Jesse, honored to be included on your list of guys you want to hear from -- not sure how merited it is.

I agree with others that a woodstove heated shelter or fire in front of a lean to is a much quicker way to get warm than planning on a snow cave. Plus I find caves claustrophobic.

The first question is how big of a stove you are trying to run. There is a lot to be said for going with the smallest heated shelter you can get away with and a commensurately sized stove because the size of stove you are running and the size of shelter you are trying to heat determines the tool kit. Plus smaller shelters get more of a gain out of body warmth alone.

When I still had a Kifaru medium stove, it pretty much took a 24" bow saw and minimum 20" handled axe to keep it running in the winter. It's not a very efficient stove though. Larger stoves in 8 man or larger shelters, same thing. Right now the only back packable stove I have is my homemade "little pig" which gets the GoLite Utopia very warm and keeps the Seekoutside BCS warm enough. It can be run pretty well with the 6" Gerber slide out saw and little 4"x1/8" blade D2 utility knife I carry. There's an in-between setup that has me carrying an 8"x3/16" bowie OPC gave me and a japanese tree trimming saw. I have also carried the cold steel tomahawk a fair amount as the absolute lightest implement available that allows for a two handed overhand chop.

I must say that I'm in the camp of being biased towards batoning for safety. In my days as a forest fire fighter, I saw first hand what can happen when you mix exhaustion with pulaskis and chainsaws. It takes a lot of very purposeful concentration to stay safe with tools when you are exhausted.

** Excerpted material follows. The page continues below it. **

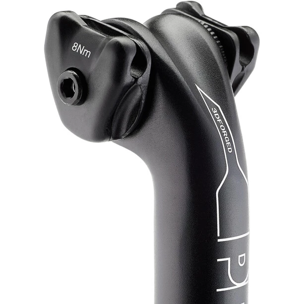 Permettant un ajustement facile avec une large plage angulaire, cette tige de selle propose dans cette version un recul de 20 mm.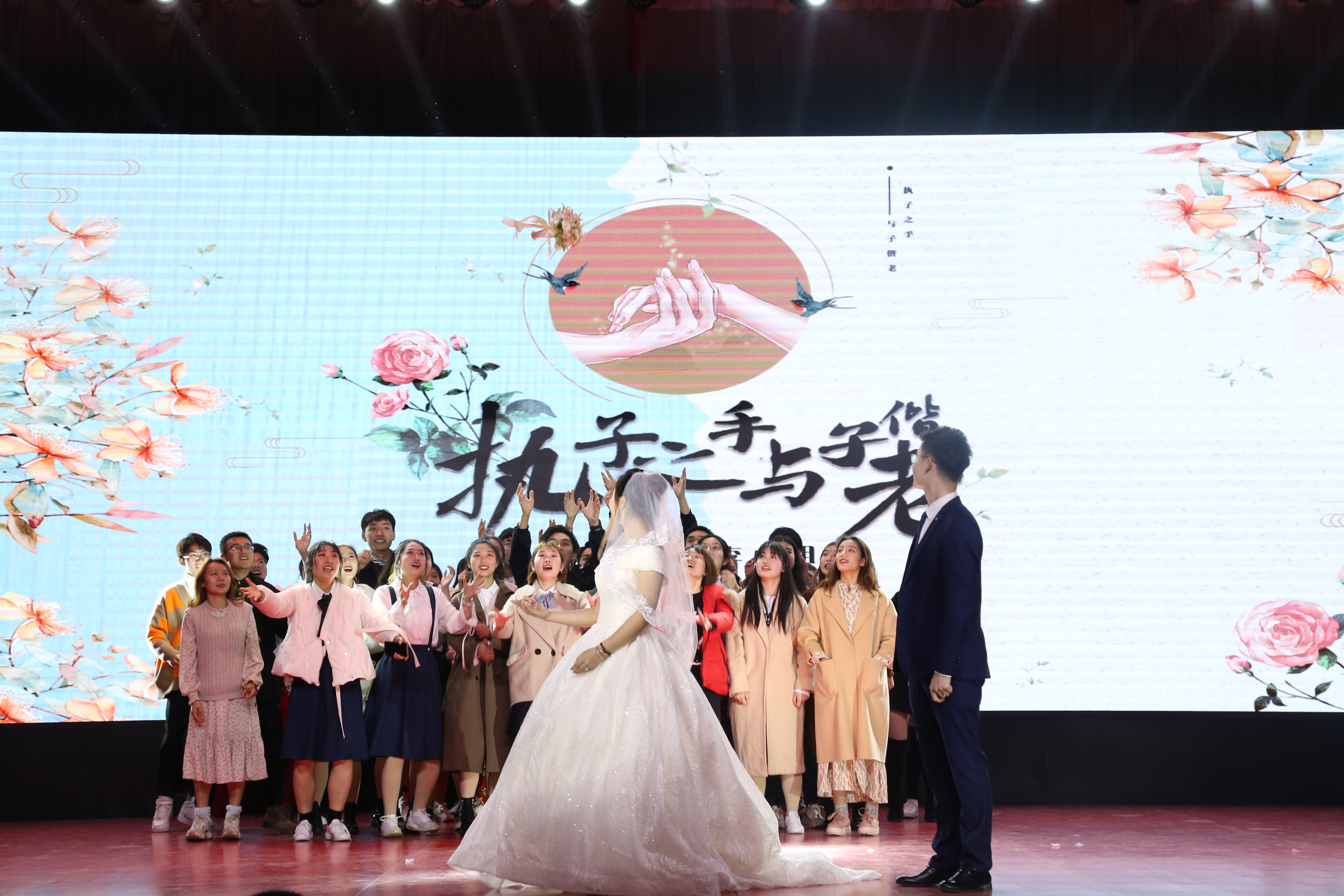 "肩负着家庭和社会的责任,孝敬父母,相亲相爱,白头到老",这是证婚人对新郎新娘的祝福,以此祝愿他们相亲相伴走过一生。新娘将象征美好祝福的手捧花抛了出去,抛出的不仅仅是花球,更多的是去传递这份幸福,现场的气氛被点燃,观众欢呼不断。

Open fires in front of lean tos are going to be less efficient at heating so you'll want to bias towards the larger tool kits.

Once the snow gets deep enough, the Voile Telepro is always along. It's the real deal for moving a lot of snow quickly and an improved tree well that offers a heck of a lot of shelter can be had in about 5 minutes.

Oh... don't forget about insulation underneath you. Be it closed cell foam in the form of a camp chair or foam pad, or tree limbs or whatever, you need something between you and the snow.

For fire starter, 9 times out of 10 a 2x2" square of bicycle innertube is all I need to get a fire started. Trioxane handles that tenth time. I must admit to using a *lot* of trioxane from time to time in Big W's neck of the woods. A pocket rocket was used as a blowtorch once too. I'm not going to say that a bottle of outright fuel is a bad idea in those conditions. It's not quite that wet where you are though Jesse.